**EXERCISE DETAILS:** Take the lines below between the one holding "Diplomat Inn, Fallsview" and the one holding "ラオス 自然農コーヒー ティピカ 中煎り 200g", inclusive, and copy them exactly. Add nothing.

Records drawn from a dataset
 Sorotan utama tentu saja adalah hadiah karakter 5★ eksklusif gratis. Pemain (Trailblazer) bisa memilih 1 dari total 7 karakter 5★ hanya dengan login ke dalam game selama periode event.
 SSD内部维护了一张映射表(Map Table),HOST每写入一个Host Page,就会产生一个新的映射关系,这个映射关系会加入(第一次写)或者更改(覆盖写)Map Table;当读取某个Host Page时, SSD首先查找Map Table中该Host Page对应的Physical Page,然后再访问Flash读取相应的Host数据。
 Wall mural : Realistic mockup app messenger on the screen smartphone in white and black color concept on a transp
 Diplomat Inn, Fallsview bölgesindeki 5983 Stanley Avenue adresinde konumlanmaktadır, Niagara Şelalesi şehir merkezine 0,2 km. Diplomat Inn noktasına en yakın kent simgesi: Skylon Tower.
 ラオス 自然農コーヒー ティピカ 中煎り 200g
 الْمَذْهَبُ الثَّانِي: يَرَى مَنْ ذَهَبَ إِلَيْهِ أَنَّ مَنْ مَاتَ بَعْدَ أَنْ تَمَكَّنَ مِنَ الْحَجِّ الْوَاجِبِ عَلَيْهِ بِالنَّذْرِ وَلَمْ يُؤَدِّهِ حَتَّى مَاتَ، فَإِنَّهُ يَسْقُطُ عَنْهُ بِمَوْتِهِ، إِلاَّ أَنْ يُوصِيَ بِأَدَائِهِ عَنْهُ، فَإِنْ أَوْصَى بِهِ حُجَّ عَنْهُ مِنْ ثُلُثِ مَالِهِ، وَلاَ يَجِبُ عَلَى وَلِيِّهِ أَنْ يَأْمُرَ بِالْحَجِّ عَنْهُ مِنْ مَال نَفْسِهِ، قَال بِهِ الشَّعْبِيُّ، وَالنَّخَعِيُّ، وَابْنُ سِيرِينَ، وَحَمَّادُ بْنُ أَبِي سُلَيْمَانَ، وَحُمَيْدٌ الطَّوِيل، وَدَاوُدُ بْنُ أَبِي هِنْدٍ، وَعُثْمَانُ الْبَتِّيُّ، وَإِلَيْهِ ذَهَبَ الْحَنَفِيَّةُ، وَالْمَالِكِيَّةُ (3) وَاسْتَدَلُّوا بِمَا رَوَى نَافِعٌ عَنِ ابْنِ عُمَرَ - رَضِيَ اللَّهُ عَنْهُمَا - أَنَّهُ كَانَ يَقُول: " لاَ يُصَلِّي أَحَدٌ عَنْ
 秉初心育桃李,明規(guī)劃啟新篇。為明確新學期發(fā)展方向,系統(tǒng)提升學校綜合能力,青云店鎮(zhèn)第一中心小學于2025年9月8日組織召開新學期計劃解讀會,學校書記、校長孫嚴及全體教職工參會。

**TASK OUTPUT:**
 Diplomat Inn, Fallsview bölgesindeki 5983 Stanley Avenue adresinde konumlanmaktadır, Niagara Şelalesi şehir merkezine 0,2 km. Diplomat Inn noktasına en yakın kent simgesi: Skylon Tower.
 ラオス 自然農コーヒー ティピカ 中煎り 200g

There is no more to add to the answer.